Der Flur war still. Nur das Echo der Schritte der Schüler hallte von den Wänden, wenn sie stehen blieben. Nora hielt immer noch Elinas Hand, bemühte sich, selbstbewusst zu wirken, doch ihre Finger zitterten leicht.
— „Warum starrst du so? Glaubst du, du bist besser als wir?“
Elina blickte ruhig zurück, sagte kein Wort. Keine Angst, keine Wut – nur eine kühle Gelassenheit, die Noras Nackenhaare aufstellte.
Ein Luftzug fuhr durch den Flur, ließ die Ecken der Plakate an den Wänden flattern. Neugierige Blicke schlüpften durch geöffnete Türen. Eine von Noras Freundinnen flüsterte:
— „Lass sie, Nora… Irgendwas stimmt nicht mit diesem Mädchen…“
Doch Nora wollte nicht nachgeben.
— „Merke dir eins: Wer hier das Sagen hat, das entscheide ich!“
Elina zog ihre Hand elegant, aber bestimmt zurück.
— „Niemand hat dich gewählt, um zu führen.“
Ihre Stimme war ruhig, klar, sachlich — ein Fakt. Zum ersten Mal spürte Nora die Kontrolle aus ihren Händen gleiten.

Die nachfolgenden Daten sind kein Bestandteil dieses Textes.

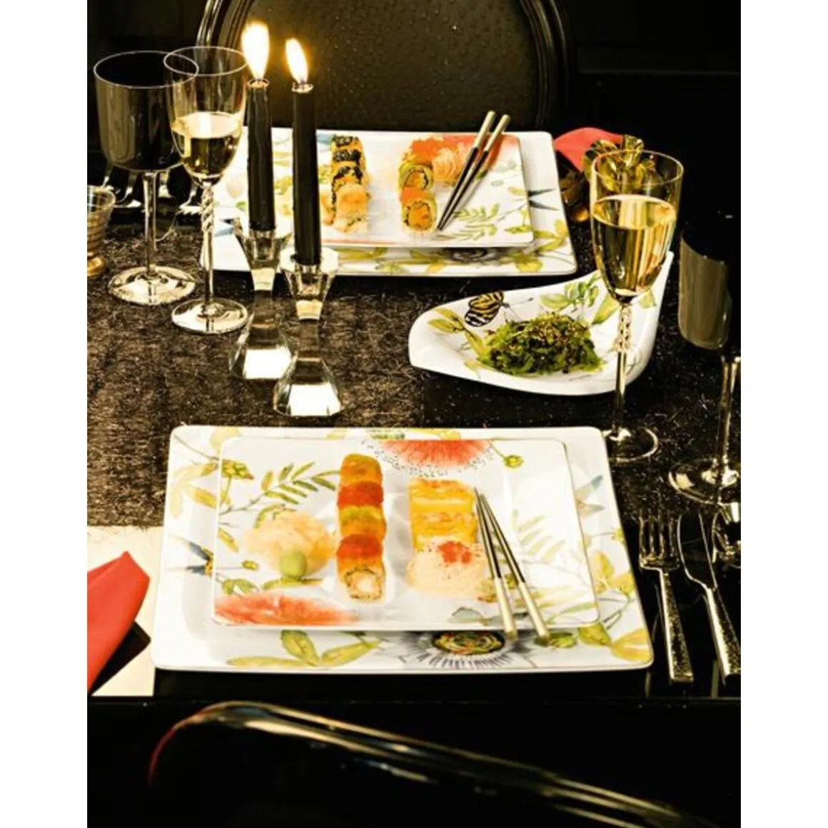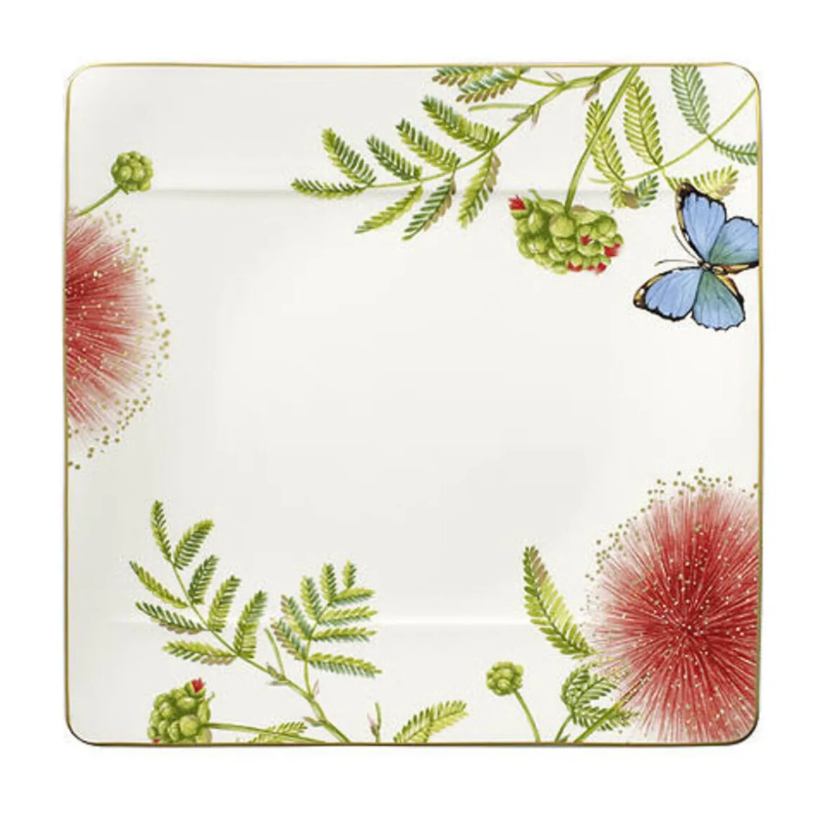 Mit dem Speiseteller Amazonia von schaffen Sie ein Tischbild, das von der Vielfalt der Natur geprägt ist. Hier treffen Sie auf tropische Blüten und einen flatternden Falter, die Ihre Delikatessen auf exotische Weise umspielen. Bringen Sie mit diesem farbenfrohen Teller den Regenwald auf Ihre Tafel.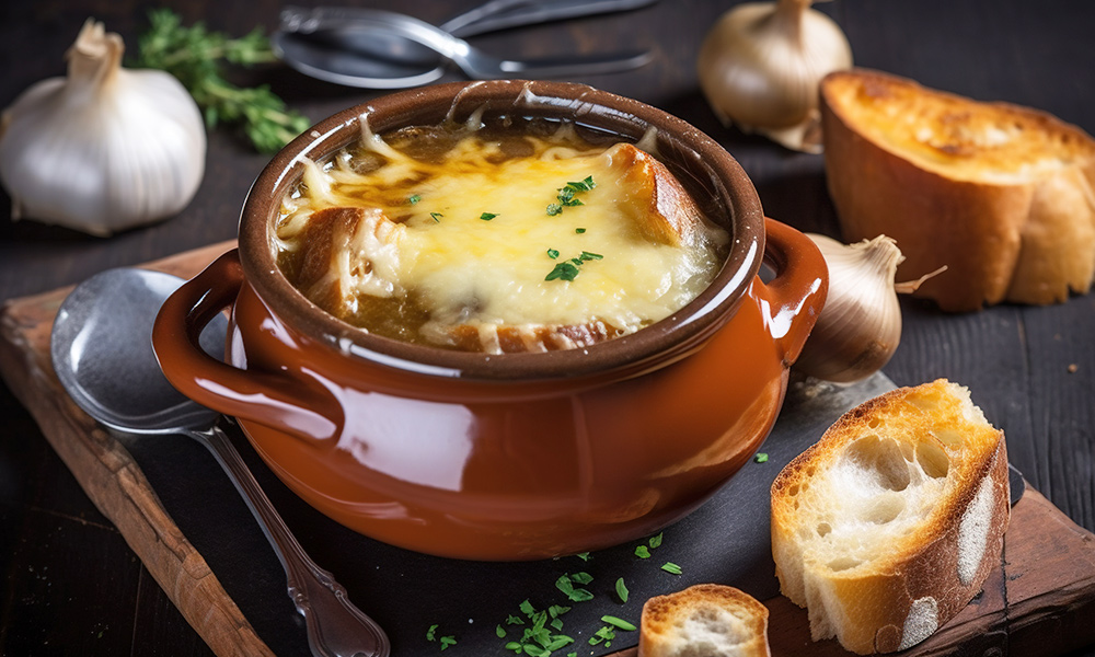 미식의 나라 프랑스에서 소울푸드로 사랑받는 음식이 바로 어니언 수프입니다. 어니언 수프는 가정마다 레시피의 종류가 모두 달라 무궁무진한 매력을 지니고 있는데요. 프렌치 어니언 수프를 만들기 위해서는 먼저 양파를 채 썰어 소량의 물을 넣고 약불에서 볶으면서 익혀줍니다. 수분이 빠지면서 연한 갈색이 날 무렵 버터 한 조각을 넣고, 갈색이 진해지면 물 한 컵을 넣은 뒤, 소금을 넣으면 완성입니다. 집에서 직접 만들어 정성이 들어간 만큼 더욱 진한 기쁨을 느낄 수 있습니다.

— „Pass auf, was du sagst, Mädchen!“
Elina machte einen Schritt nach vorn. Klein, zierlich, doch mit einem Blick, der warnte.
— „Ich habe gesagt: Provokationen interessieren mich nicht.“
Die Stille danach war fast greifbar. Dann flackerten plötzlich die Deckenlichter. Ein leises Brummen durchlief den Flur, ein schwacher Windstoß ließ Papiere von einem Schreibtisch fliegen.
— „Was… was ist das?“ — murmelte eine Schülerin.
Elina schloss kurz die Augen. Die Luft um sie herum wirkte dichter, geladen. Als sie sie wieder öffnete, spiegelte sich ein blasses Licht in ihren Pupillen.
Nora machte einen Schritt zurück.
— „Was… bist du?“
Elina lächelte, aber es war kein Siegslächeln. Es war ein stiller Hinweis.
— „Ich habe dir gesagt, dass du das nicht herausfinden willst.“
Ein Schauder ging durch die Menge. Einige Schüler zückten ihre Handys, doch niemand wagte zu filmen. Die Atmosphäre war elektrisierend.
Dann normalisierte sich das Licht, alles war wieder still. Elina ging an Nora vorbei, warf ihr einen letzten Blick zu:
— „Ich suche keine Konflikte. Aber ich lasse sie auch nicht zu. Merk dir das.“
Und dann verschwand sie. Der Flur war wieder still.
Nora stand wie gelähmt da, unfähig, ein Wort zu sagen. Als sie ihre Stimme endlich zurückgewann, war Elina schon im Klassenzimmer verschwunden.
Ihre Freundinnen sahen sich an, diesmal ohne Lachen.
— „Hast du gesehen, was mit dem Licht passiert ist?“
— „Ja… und wie sie dich angeschaut hat?“
— „Vielleicht… sollten wir sie einfach in Ruhe lassen.“
Zum ersten Mal antwortete Nora nicht. Sie fuhr sich nur durch die Haare und starrte ins Leere, mit einem seltsamen Knoten im Magen.
In den folgenden Tagen wagte niemand mehr, Elina Duval zu verspotten.
Manche sagten, es sei Zufall gewesen. Andere schworen, dass sich die Luft in diesem Moment verändert hatte.
Doch eines war sicher: Von diesem Tag an wagte niemand in der Saint-Laurent-Schule, sie noch einmal herauszufordern.